Pulltab shop carries on fight against smoking ban

Manager's hope rests in city exemption

Posted: Monday, January 14, 2002

While there's no smoking at Hidden Treasures these days, the pulltab store continues to challenge Juneau's new smoking ban.

Smoking ban challenge

• What Hidden Treasures wants: The Juneau pulltab store hopes to allow smoking by using an apparent exemption in the city's smoking ordinance for private clubs.

• What the law says: The smoking ordinance specifically bans smoking in pulltab parlors.
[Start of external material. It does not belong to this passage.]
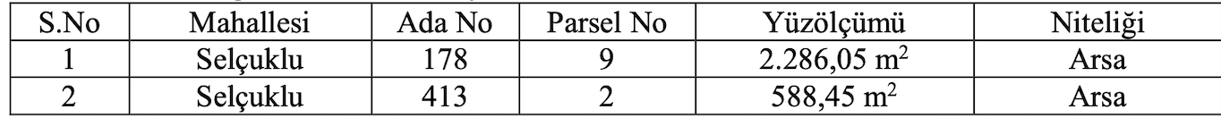 Belediye Meclisimizin 07.06.2024 tarih ve 06-67 sayılı kararı ve Belediye Encümenimizin 06.08.2024 tarih ve 26 sayılı kararı ile Belediyemize ait İlçemiz Selçuklu Mahallesindeki 178 ada 9 parsel nolu taşınmaz ile 413 ada 2 parsel nolu taşınmaz 2886 sayılı Devlet İhale Kanunu’nun 45. maddesine göre açık ihale usulü ile satılmak üzere ihale edilecektir.

Smoking is allowed in restaurants, hotels, motels and service clubs used for private functions in which admission is determined at least three days in advance.

David Sanden, general manager of the pulltab store in the Mendenhall Center, is contesting the notion of a private club in Juneau's new smoking law. The smoking ban took effect Jan. 1 and prohibits smoking in offices, restaurants and other enclosed public places. It specifically bans smoking in pulltab parlors, but Sanden hopes to fall under an apparent exemption for private clubs.

However, City Attorney John Corso said the ordinance exempts private functions, not private clubs.

Sanden allowed smoking in his store for two days earlier this month after declaring Hidden Treasures a private club and collecting more than 100 membership applications from his customers. After informing city officials of his new status, he was told he wasn't in compliance. Smoking currently is not allowed in the store, Sanden said Friday.

"We're not arguing the merits of second-hand smoke, we're arguing the merits of whether people want to be exposed to it or not," he said. "Hopefully, we can amend the ordinance."

The ordinance exempts "enclosed areas used for conferences or meetings in restaurants, service clubs, hotels or motels while the spaces are in use for private functions admission to which is determined at least three days in advance."

Sanden said he's asked the city for a definition of a private club or a service club to no avail.

"What is a pulltab parlor? That's not defined either," he said.

Because the term "private club" wasn't used in the ordinance, Corso said he doesn't know why a definition would be needed. Corso said he thinks of a service club as a fraternal organization such as the Moose or Elks. The definition of a pulltab parlor is "pretty clear," he added.

"Pulltab parlors and bingo halls are specifically mentioned in the ordinance as enclosed public places," he said.

Sanden said he hopes to work with proponents of the ordinance to see if "a nonconfrontational solution can be reached to our mutual problem. If no solution can be reached, then I unfortunately think a judge may have to make the decision."

Representatives from the Juneau Tobacco Prevention Network and the National Council on Alcoholism and Drug Dependence, which advocated for the smoking ordinance, could not be reached for comment this morning.

Since the ordinance took effect Jan. 1, three warnings have been issued to individuals, Juneau Police Department Capt. Tom Porter said Monday. No citations have been written under the new law, he said.

Sanden said the smoking ordinance puts him at a competitive disadvantage with pulltab operations in bars and private clubs, where smoking is allowed. Historically, about 70 percent of his customers have smoked, he said.

The three-page membership application for Hidden Treasures asks people to acknowledge that they will be exposed to secondhand smoke. Annual dues are $1 a year. Members also need to contribute $1 a visit or "actively participate in a fund-raising activity," which could include buying a pulltab. The application includes provisions to halt smoking if an employee asks not to be exposed to secondhand smoke.

Corso said wording in the ordinance that bans smoking within 10 feet of an entrance, open window or ventilation intake also has caught some people off guard.

"We've had a couple of people surprised that the ordinance does not apply to the entrances and exits of (some) government buildings," he said.

While the ban covers city buildings, it does not apply to the outside of state or federal buildings or buildings that are leased by the state or federal government, Corso said.